# Markov Chain: Using one-step analysis to calculate the probability to reach state $5$ before reaching state $0$ when starting in state$3.$

I have an alternating random walk question where the stochastic process $${X_n : n = 0, 1, 2, . . .}$$ is a Markov chain on the integers with $$X_0 = 0$$. If $$|X_n|$$ is even, the conditional probabilities $$P(X{n+1} = i + 1|X_n = i) = 3/4$$ and $$P(X_{n+1} = i − 1|X_n = i) = 1/4$$ are given, whereas if $$|X_n|$$ is odd, the conditional probabilities are$$P(X_n+1 = i + 1|X_n = i) = 1/4$$ and $$P(X_{n+1}= i − 1|X_n = i) = 3/4.$$ I have been asked to use a one-step analysis to calculate the probability to reach state $$5$$ before reaching state $$0$$ when starting in state $$3$$.

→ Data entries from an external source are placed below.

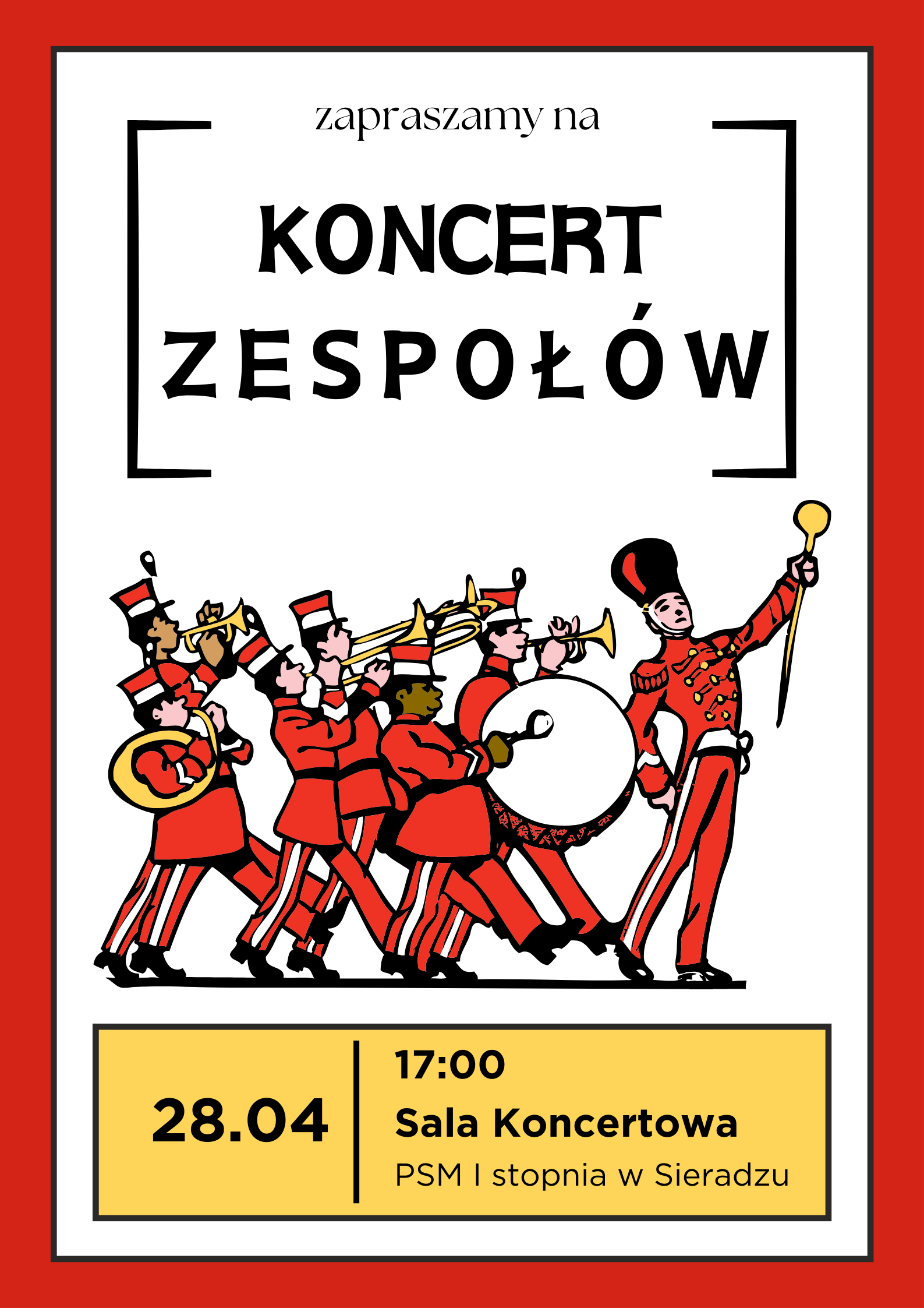 Już 28 kwietnia o godzinie 17:00 w Sali Koncertowej PSM I stopnia w Sieradzu odbędzie się niezywkłe wydarzenie muzyczne- Koncert zespołów. Na scenie zaprezentują się młodzi artyści, którzy połączą swoje siły, by wspólnie stworzyć niezapomniane muzyczne przeżycia. W programie różnorodne utwory, barwne aranżacje i mnóstwo pozytywnej energii!
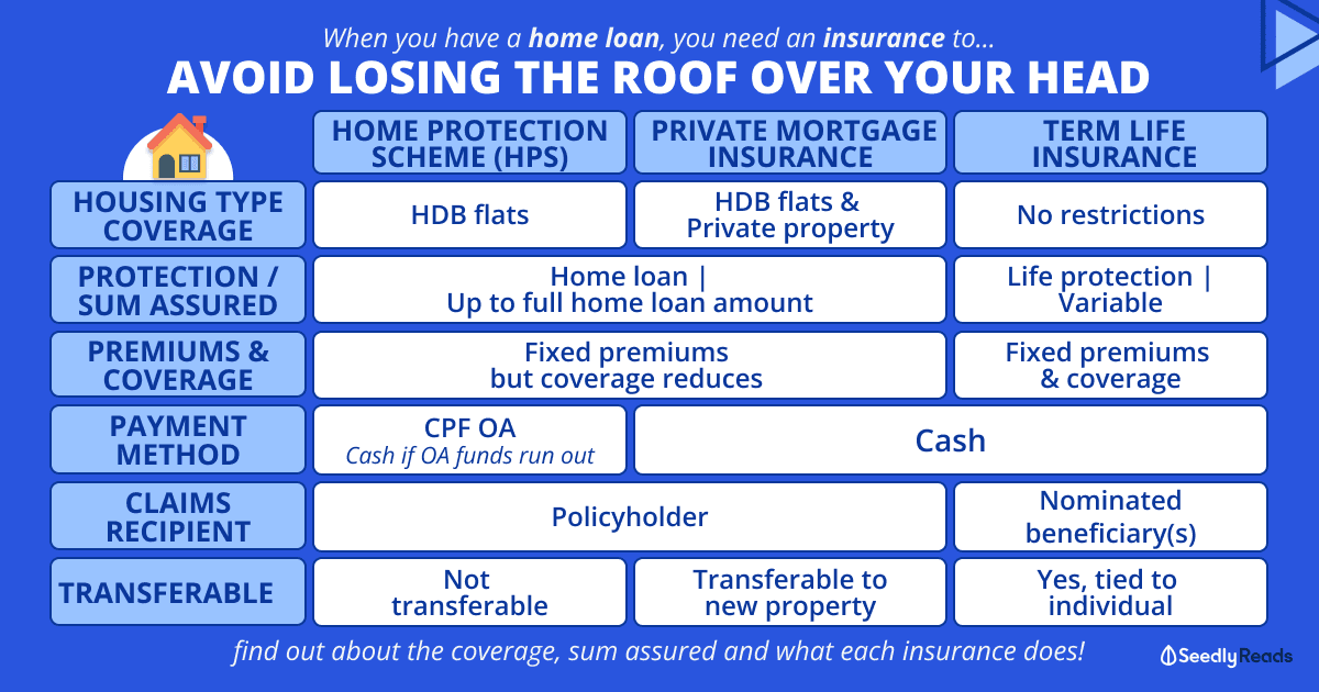 | Transferrable | Not transferrable as HPS is tied to HDB flat | Private mortgage insurance can be transferred to new property | Coverage is tied to the individual and not the property |
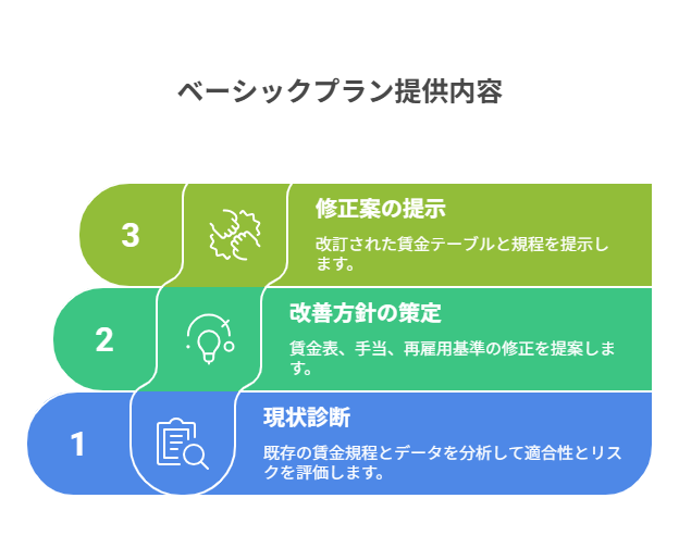 - 実際の支給データのサンプリング分析(賃金テーブル・各種手当の支給状況)
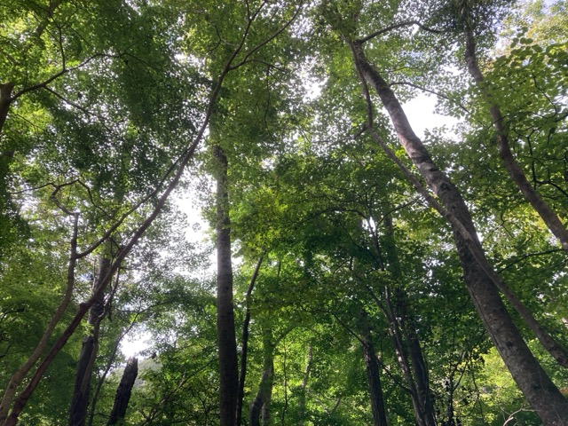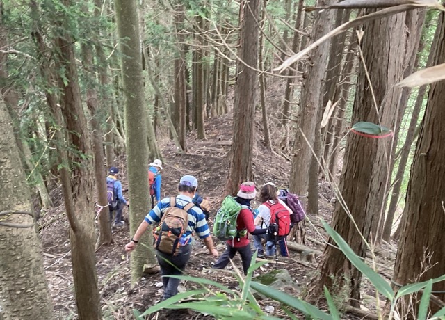 13:00 矢倉沢集落に向けて下山を開始。頂上付近は、明るい林で気持ちがいいです。
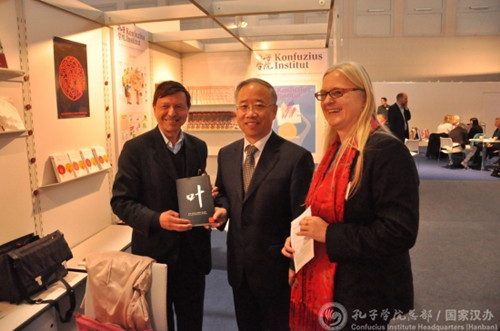 據(jù)了解,中國駐法蘭克福總領事梁建全曾于書展首日來到孔院展臺參觀并鼓勵參展人員辦好展覽。德語區(qū)的兄弟孔院對法蘭克??鬃訉W院給予大力支持,紛紛將孔院出版的書籍送來參展。
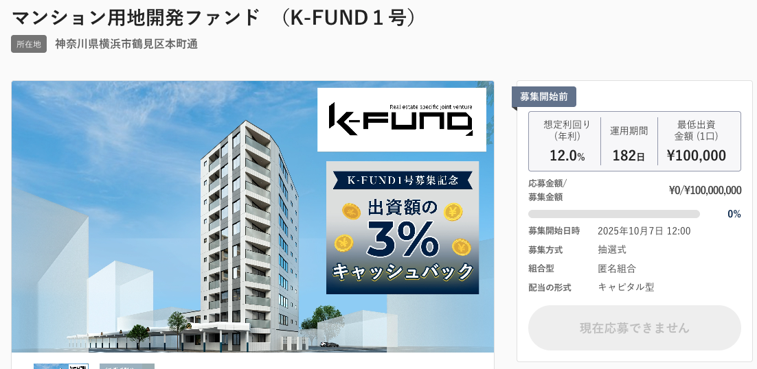 また、K-FUNDでは第1号ファンド募集記念として、出資額の3%をキャッシュバックするキャンペーンが実施されます!
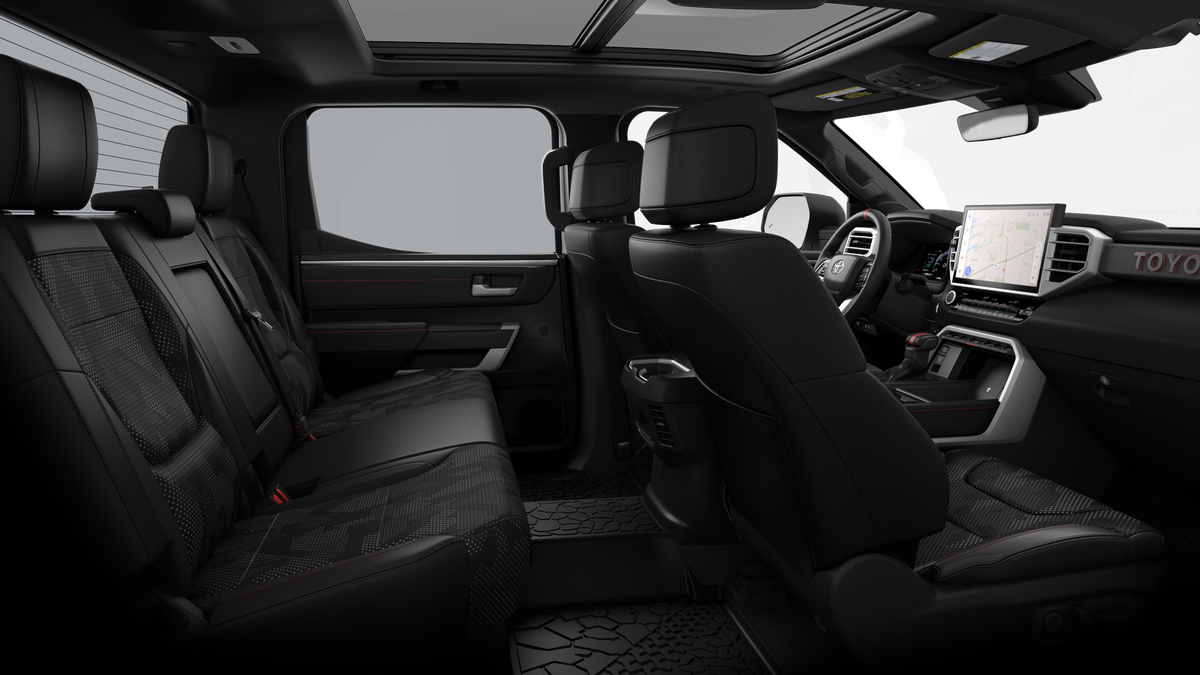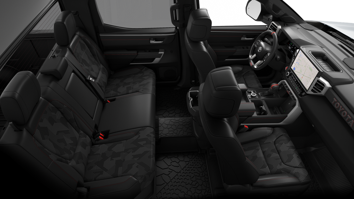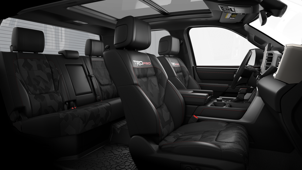 • TRD Pro SofTex®-trimmed seats with contrast stitching and technical-camo-pattern inserts; 8-way power-adjustable driver and front passenger seats with power-adjustable lumbar support
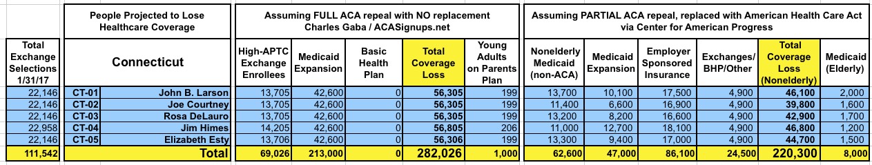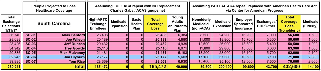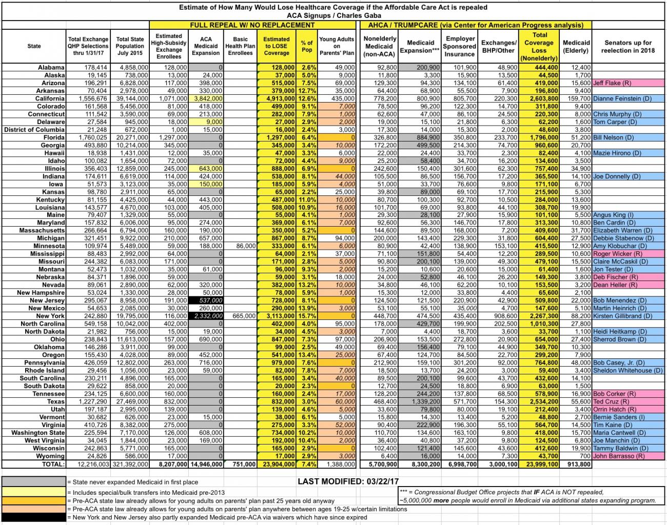 UPDATE: If you scroll all the way to the bottom, I've added a completely updated state/national-level table as well, reflecting both the "clean repeal" and Trumpcare scenarios.
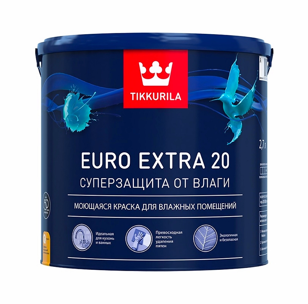 Краска интерьерная Tikkurila Euro Extra 20 полуматовая база C 2,7 л
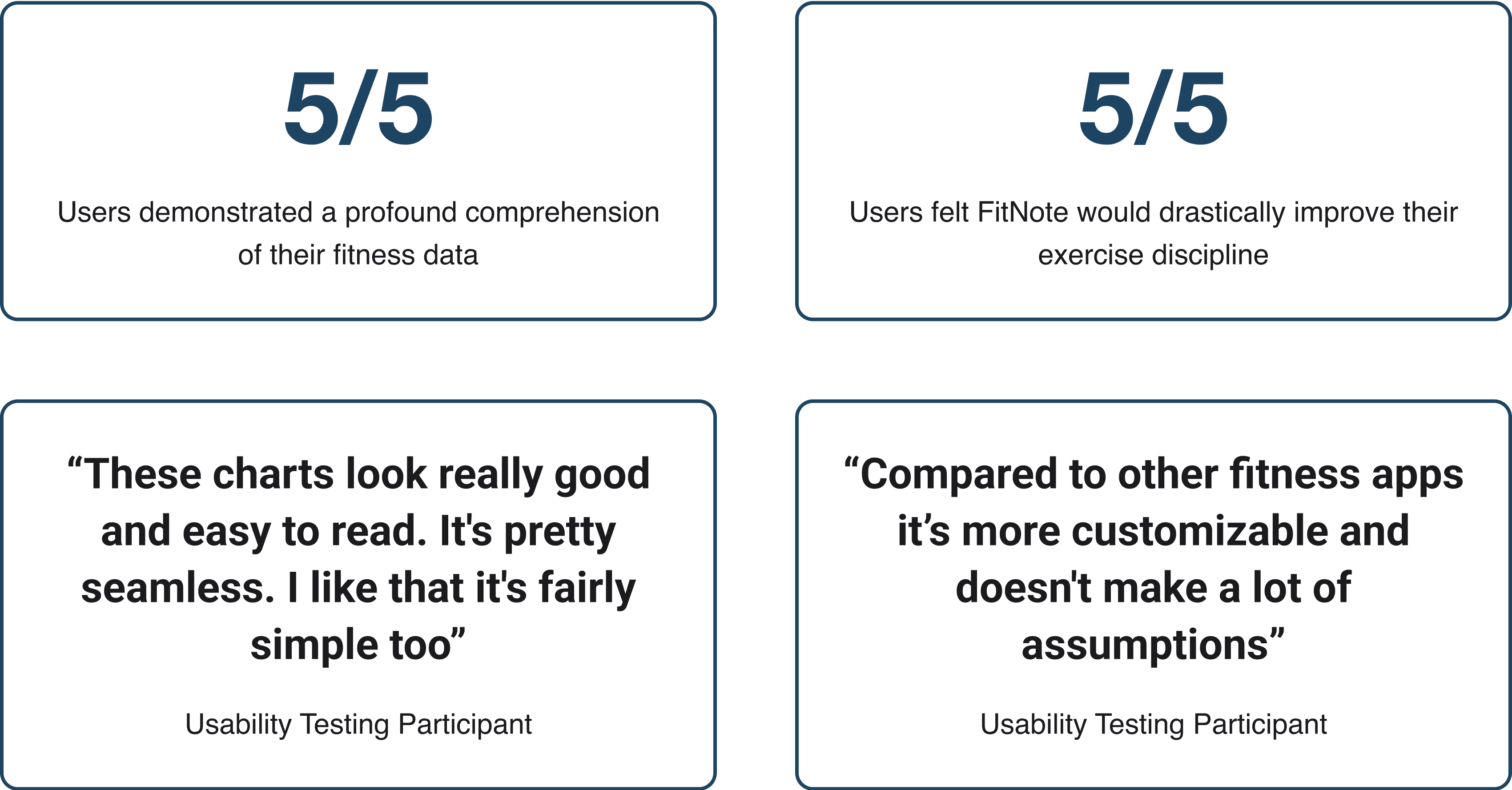 Impact: 5/5 users demonstrated a profound comprehension of their fitness data; 5/5 users felt FitNote would drastically improve their exercise discipline

I thought of this question as a Gambler's Ruin problem, but i'm not sure if i'm correct. I defined $$A_j$$ as the event of reaching state $$5$$ starting in state $$j=3$$ before reaching state $$N=0$$. So there are two absorbing states $$5$$ and $$0$$. So $$P(A_3)= \theta_3$$ with $$\theta_5 =1$$ (since probability of reaching 5 when starting at 5 is equal to 1) and using one step analysis i have that $$\theta_3 = 3/4\theta_4 +1/4\theta_2$$ from $$\theta_j = p\theta_{j+1} +q\theta_{j-1}$$ since they're even and from the question i have $$p=3/4$$ and $$q=1/4$$. How should i find $$\theta_2, \theta_4$$? Would greatly appreciate the help

You would find $$\theta_2$$ and $$\theta_4$$ in the same way as you found $$\theta_3$$, so in this case $$\theta_2 = 3/4 \theta_3 + 1/4 \theta_1$$ and $$\theta_4 = 3/4 \theta_5 + 1/4 \theta_1$$. This will give you 4 equations in the 4 unknowns $$\theta_1, \theta_2, \theta_3, \theta_4$$, which you can then solve with linear algebra.